We may also add that if the insurance company desires that item-wise valuation should be given for items over and above a certain value then it is the duty of the insurance company to advise the insured at the time of issuing the first policy of insurance and at the time of each renewal. The insurance company must at the time of accepting the premium advise the policy holder properly. The insurance company cannot accept the premium without asking for any details and later deny its liability on the ground that such details were not given. Therefore, we accept the claim of the claimant and he is entitled to Rs.66,000/- under this head.

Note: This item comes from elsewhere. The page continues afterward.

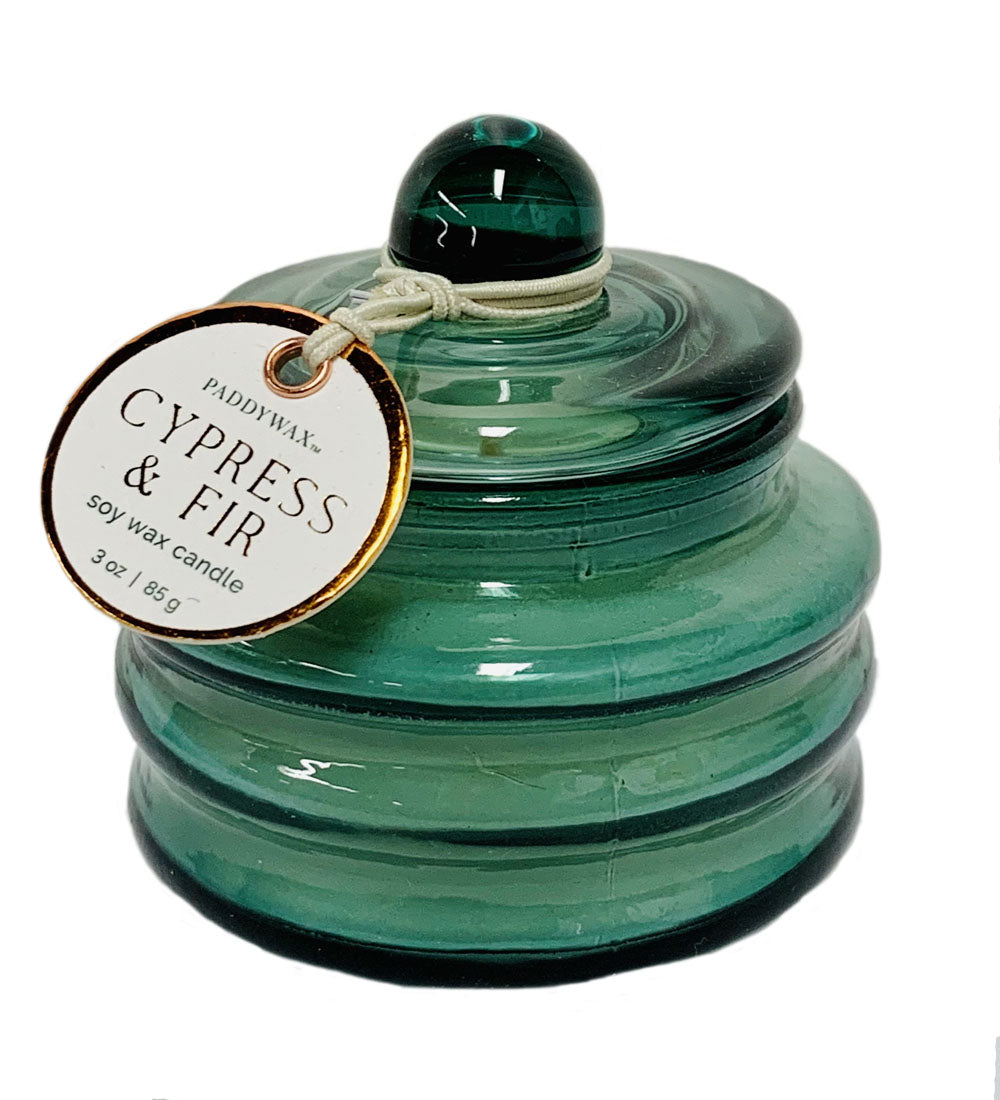 Cypress and Fir Candle in Green Hand-Blown Glass Pot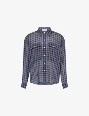 Cole Buxton linen-blend shirt54% lyocell, 46% linenExposed button fastening at frontClassic collar, long sleeves, two flap patch pockets at front with button fastening, all-over check pattern, crinkle texture, curved hemMachine wash coldSize medium: length 30.3in / 77cm, chest 55.1in / 140cmModel is 6ft 2in/1.88m and wears a size mediumLightweight, non-stretch

v) Miscellaneous items – On the same reasoning as given for electrical/mechanical appliances we accept the claim of the appellant of Rs.20,000/- for loss of four watches and, therefore, he is entitled to Rs.28,000/- under this head.
vi) Repair of locks, doors, latches, safe etc. – The claimant has already been awarded Rs.7,000/-under this head.
13. In addition thereto, we are of the view that the claimant should be awarded Rs.25,000/-towards compensation and litigations expenses etc. On the aforesaid amounts the appellant shall be entitled to an interest @12% per annum w.e.f. 01.01.2009 till payment. The Insurance Company shall be entitled to adjust/deduct the amounts already paid/deposited by it.
14. The appeal is disposed of in the above terms. Pending applications, if any, shall also stand disposed of.
15. The Registry is directed to send a certified copy of this judgment to the appellant, who appeared in person.